Aucun film n'aura suscité une telle attente pendant la pandémie et ses reports successifs. Après les brillants Premier contact et Blade Runner 2048, j'attendais que Denis Villeneuve nous livre l'adaptation la plus complète possible du roman d'Herbert. Si j'étais en droit de craindre la qualité de l'adaptation d'un point de vue scénaristique, j'étais moins dans l'inquiétude quant à la qualité de la mise en scène que nous proposerait Villeneuve. Et il faut reconnaître que c'est bien tout l'inverse qui s'est passé.
Dune relève brillamment son adaptation du roman. Le rythme relativement lent du film permet de suivre avec patience l'avancée scénaristique de l'ouvrage sans donner le sentiment de rusher le livre (contrairement à la dramatique, mais attachante adaptation de Lynch). Les personnages sont correctement restitués, les acteurs sont bien dans leurs rôles, bien que Paul Atréïdes apparaisse assez froid. Ne restait alors plus qu'à mettre tout ça en boite à la sauce des moyens techniques du cinéma blockbusters de 2020. Et de ce côté, j'ignore si c'est parce que Villeneuve s'est noyé dans le pognon de ses producteurs, ou si c'est la trouille de reproduire le bide en salle de son Blade Runner, mais il nous livre de ce point de vue un produit cinématographique d'une surprenante banalité !
Les scènes d'actions sont cruellement déjà vues, la scénographie, les plans et cadres du film sont désespérément stéréotypés, rappelant tantôt Game of Thrones, tantôt Star Wars, avec le pressentiment que l'ensemble viellera mal. Et que dire de ces tristes couleurs bleues/grises/dé saturées ? L'ensemble apparait trop lisse et trop froid, bien loin des 100 degrés terrassant que décrit Herbert dans l'ouvrage. En outre, la composition sonore d'Hans Zimmer est vide de créativité, avec un orientalisme exacerbé doublé des gros bruits métalliques stridents avec lesquels tous les blockbusters nous cassent les oreilles depuis The Dark Knight. En bref, sur l'ensemble, on a l'impression que Villeneuve s'est perdu en route et l'on ne retrouve pas sa patte d'auteur. Il ne fait pas du Villeneuve, mais du Nolan. J'adorais Nolan jusqu'au désespérant Tenet, mais s'inscrire dans des choix artistiques - graphiques et sonores - déjà vus à maintes reprises, c'est prendre le risque de paraître has-been tellement ça a été exploité, pompé et re-pompé entre temps.

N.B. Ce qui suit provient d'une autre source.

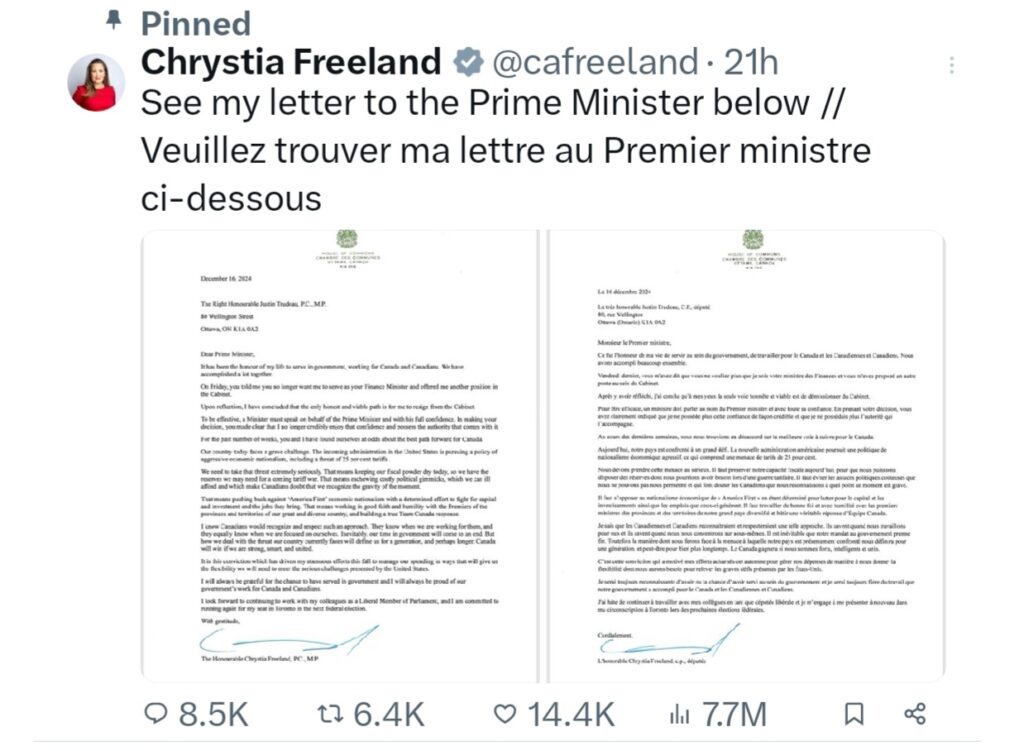 ട്രൂഡോയുടെ നിലപാടിനെക്കുറിച്ചോർത്തപ്പോൾ സത്യസന്ധവും പ്രായോഗികവുമായ ഏകമാർഗ്ഗം രാജിവെക്കുക എന്നതാണെന്ന് ക്രിസ്റ്റിയ എക്സിൽ കുറിച്ചു. കുടിയേറ്റം, സാമ്പത്തിക പ്രതിസന്ധി, യു.എസുമായും ഇന്ത്യയുമായുള്ള നയതന്ത്ര, വ്യാപാര തർക്കങ്ങൾ എന്നിങ്ങനെ വിവിധ വിഷയങ്ങളിൽ ട്രൂഡോയുടെ സർക്കാരിനെതിരെ കടുത്ത ഭരണവിരുദ്ധ വികാരമാണ് രാജ്യത്തുള്ളത്. ഇതിനിടയിലാണ് ഉപപ്രധാനമന്ത്രിയുടെ രാജി എന്നതും ശ്രദ്ധേയം.

Heureusement, il reste une moitié du livre à adapter, la meilleure. Si l'on peut imaginer que certains choix artistiques perdureront, on peut espérer que Villeneuve se rattrape sur d'autres. Dune n'est pas un mauvais film, loin de là, mais c'est un film froid, sorti avec dix ans de retard. Et ça, c'est frustrant.